Here are the first two rows of data without headers:

In [43]:
hn = hn[1:]
hn[0:2]

[['12224879',
  'Interactive Dynamic Video',
  'http://www.interactivedynamicvideo.com/',
  '386',
  '52',
  'ne0phyte',
  '8/4/2016 11:52'],
 ['10975351',
  'How to Use Open Source and Shut the Fuck Up at the Same Time',
  'http://hueniverse.com/2016/01/26/how-to-use-open-source-and-shut-the-fuck-up-at-the-same-time/',
  '39',
  '10',
  'josep2',
  '1/26/2016 19:30']]

Next we will separate out the type of post into three categories:
- Ask post
- Show post
- Other post

In [44]:
ask_post = list()
show_post = list()
other_post = list()

for i in hn:
    title = i[1] # since the column title is at the second position
    if title.startswith("Ask HN"):
        ask_post.append(i)
    elif title.startswith("Show HN"):
        show_post.append(i)
    else:
        other_post.append(i)    

Let's look at the first two rows of the newly created ask_post list:

In [45]:
ask_post[0:2]

[['12296411',
  'Ask HN: How to improve my personal website?',
  '',
  '2',
  '6',
  'ahmedbaracat',
  '8/16/2016 9:55'],
 ['10610020',
  'Ask HN: Am I the only one outraged by Twitter shutting down share counts?',
  '',
  '28',
  '29',
  'tkfx',
  '11/22/2015 13:43']]

#### We will now find out the Average comments that features in each of the Ask HN and Show HN posts.

For this, we wil define a function, so that we dont have to repeat ourself.

In [48]:
def tot_avg_com(post_type):
    tot_com = 0
    count = 0
    for i in post_type:
        tot_com += int(i[4])
        count += 1
    average = round(tot_com/count,2)
    return average
print("Average comments in Ask HN posts",tot_avg_com(ask_post))
print("Average comments in Show HN posts",tot_avg_com(show_post))

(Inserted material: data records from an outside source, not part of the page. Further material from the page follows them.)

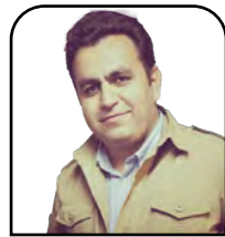
ئەلبورز رۆئىن تەن

و رووداوەكانى يازدەى سېتامبىريان لەبىر لە كۆمەلگە جياوازەكان دەركەوت كە ئەو نىيە و لەگەل پشەكەوتنەكانى دونىاي نەوھە بە پىچەوانەى ئەو چاوەروانىيە ئىنتېرنېت و تەكنۆلۆژيا و شۆرشى گەلىك تايىبەتمەندى سەرنجراكىش و گواستەوھى زانىارى گەرە بوون، بەھۆى گرېنگىان ھەيە كە بۇ كۆمەلئاسان و بە ھەبوونى پەيوەندىيەكى توندوتول كە لەگەل تايىبەتەش بۇ سىياسەتوانان گرېنگىيەكى تەكنۆلۆژى و بەرھەمەكانى و ھەرھادەست زۆرى ھەبوو؛ چونكە ھەلسوكەوت و
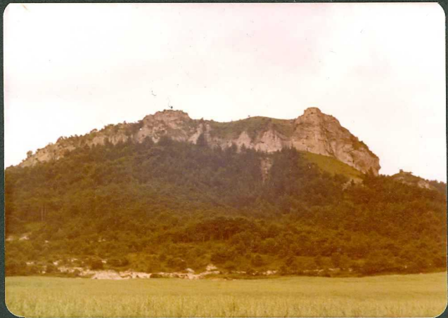
FOTO 15.- Calizas de Lacazina ( C_{24}^{2-3} ) al SE de la localidad - de Cárcamo.
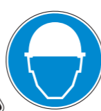
Protección obligatoria de la cabeza
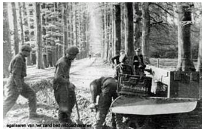
Middachter-Allee Canadese engineers

Average comments in Ask HHN posts 14.04
Average comments in Show HHN posts 10.32


We can see that on average the Ask HN posts recieve more comments than the Show HN posts. It goes on to show that people are more engaged when a certain question is posed rather than just viewing something.

### Next, we'll determine if ask posts created at a certain time are more likely to attract comments. We'll use the following steps to perform this analysis:

- Calculate the amount of ask posts created in each hour of the day, along with the number of comments received.
- Calculate the average number of comments ask posts receive by hour created.

In [97]:
from datetime import datetime as dt
tot_com_by_hr = dict()
posts_by_hr = dict()
for i in ask_post:
    created_at = dt.strptime(i[6], "%m/%d/%Y %H:%M").strftime("%H")
    tot_com_by_hr[created_at] = tot_com_by_hr.get(created_at,int(i[4]))+int(i[4])
    posts_by_hr[created_at] = posts_by_hr.get(created_at, 0)+1
avg_by_hr = []
for i in tot_com_by_hr:
    avg_by_hr.append([i, round(tot_com_by_hr[i]/posts_by_hr[i],2)]) 
print("Average Ask HN posts sorted by hour of the day:")
for i in avg_by_hr:
    print(*i)

Average Ask HN posts sorted by hour of the day:
09 5.71
13 15.08
10 13.46
14 13.26
16 16.95
23 8.0
12 9.47
17 11.47
15 38.6
21 16.05
20 21.55
02 23.86
18 13.26
03 7.81
05 10.72
19 10.83
01 11.93
22 6.77
08 10.35
04 7.23
00 8.31
06 9.05
07 7.91
11 11.09


Although we now have the results we need, this format makes it hard to identify the hours with the highest values. Let's finish by sorting the list of lists and printing the five highest values in a format that's easier to read.

In [110]:
avg = []
for i in avg_by_hr:
    avg.append([i[1],i[0]])
avg_sorted = sorted(avg, reverse = True)[0:5]

for i in avg_sorted:
    print("{0}:00 - {1:.2f} average comments per post".format(i[1],i[0]))

15:00 - 38.60 average comments per post
02:00 - 23.86 average comments per post
20:00 - 21.55 average comments per post
16:00 - 16.95 average comments per post
21:00 - 16.05 average comments per post


## Conclusion

The above analysis shows us that to get the most engagement on the Hacker News Site, one should use the `Ask HN` tag in the title and should post at 15:00 hrs or 3p.m.